* _Problem details_
In this exercise, print only the lines from the line with "(A. 褐土碳酸钙结核胶体;B. 褐土碳酸钙结核纳米颗粒;C." to the last line of the data below, inclusive. Any pictures should be left out.

───── The data

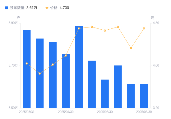 近一年(2024年6月30日至2025年6月30日),欣龙控股A股股东户数从3.66万户,减低至3.61万户,降幅1.25%,区间股价上涨60.41%。
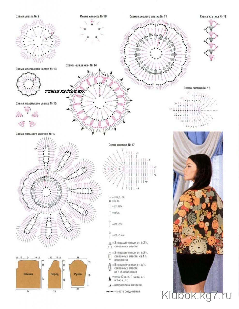 Этот женственный жакет, выполненный крючком из разнообразных мотивов, (можно увеличить) отлично подойдет к строгой черной юбке и будет уместен как на работе, так и на торжестве.
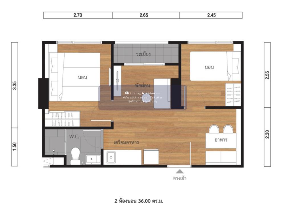 พื้นที่ใช้สอย 36.65 ตร.ม.
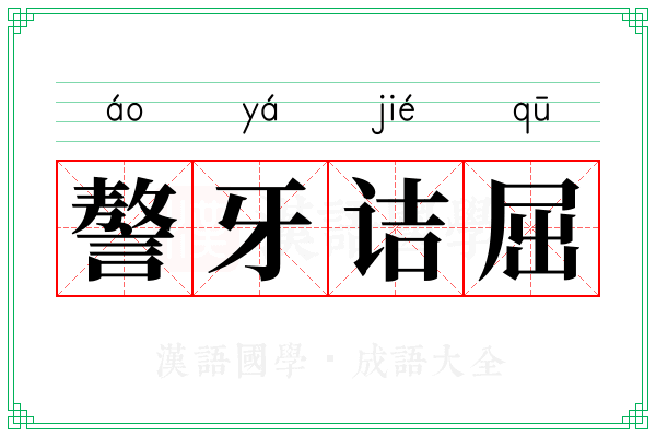 謷牙诘屈,汉语成语,读音是(áo yá jié qū 朗读)。ABCD式组合,謷牙诘屈意思是:同“诘屈聱牙”。謷,通“聱”。出自语出唐・韩愈《进学解》。
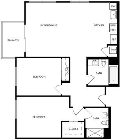 2 Beds, 2 Baths, 1390 sq ftLargest 2 BedroomThis is the largest 2 Bedroom at this PropertyModel Gallery
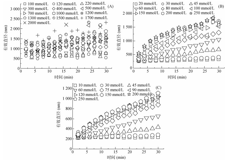 (A. 褐土碳酸钙结核胶体;B. 褐土碳酸钙结核纳米颗粒;C. 工业纳米碳酸钙) 图 5 三种碳酸钙胶体在CaCl2溶液凝聚动力学曲线 Fig. 5 Aggregation curves of three calcium carbonate colloids in CaCl2 solution |
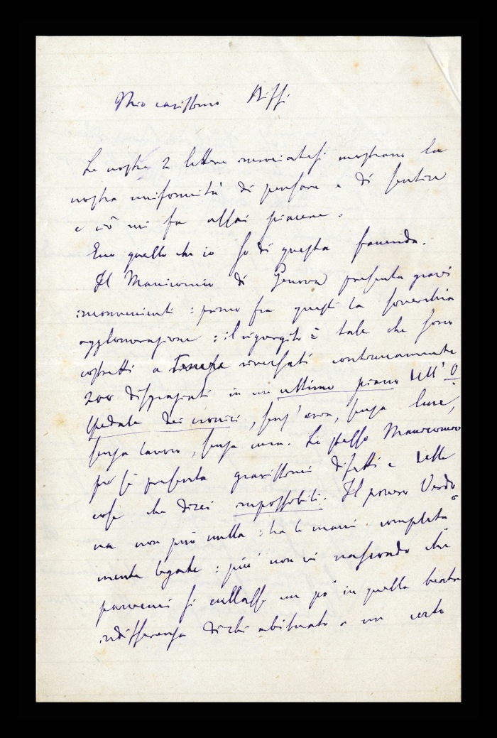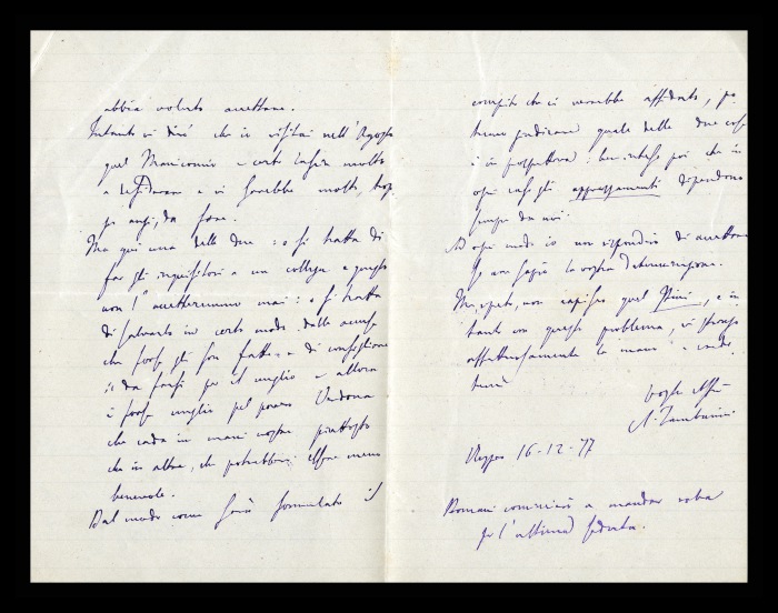 12) Reggio, 16.12.1877: Augusto Tamburini, nominato a far parte di una commissione d'inchiesta sul manicomio di Genova insieme a Biffi e a [Gaetano] Pini, si rammarica per la nomina di quest'ultimo e per l'esclusione di [Andrea] Verga. Comunica che accetterà solo se lo farà anche Biffi e si domanda se sia stato Verga a non volerci entrare. Riferisce di aver visitato l'istituto genovese nel mese di agosto, trovandoci “molto, troppo anzi, da fare”. Si interroga inoltre sull'atteggiamento da tenere, poiché non intende infatti essere inquisitore di un collega [Luigi Verdona], ma piuttosto fornirgli dei consigli e salvarlo. Aggiunge il prossimo invio di materiale [per il resoconto dell'ultima seduta del Congresso di Aversa].

──────────

* _Solution to the problem_
 (A. 褐土碳酸钙结核胶体;B. 褐土碳酸钙结核纳米颗粒;C. 工业纳米碳酸钙) 图 5 三种碳酸钙胶体在CaCl2溶液凝聚动力学曲线 Fig. 5 Aggregation curves of three calcium carbonate colloids in CaCl2 solution |
 12) Reggio, 16.12.1877: Augusto Tamburini, nominato a far parte di una commissione d'inchiesta sul manicomio di Genova insieme a Biffi e a [Gaetano] Pini, si rammarica per la nomina di quest'ultimo e per l'esclusione di [Andrea] Verga. Comunica che accetterà solo se lo farà anche Biffi e si domanda se sia stato Verga a non volerci entrare. Riferisce di aver visitato l'istituto genovese nel mese di agosto, trovandoci “molto, troppo anzi, da fare”. Si interroga inoltre sull'atteggiamento da tenere, poiché non intende infatti essere inquisitore di un collega [Luigi Verdona], ma piuttosto fornirgli dei consigli e salvarlo. Aggiunge il prossimo invio di materiale [per il resoconto dell'ultima seduta del Congresso di Aversa].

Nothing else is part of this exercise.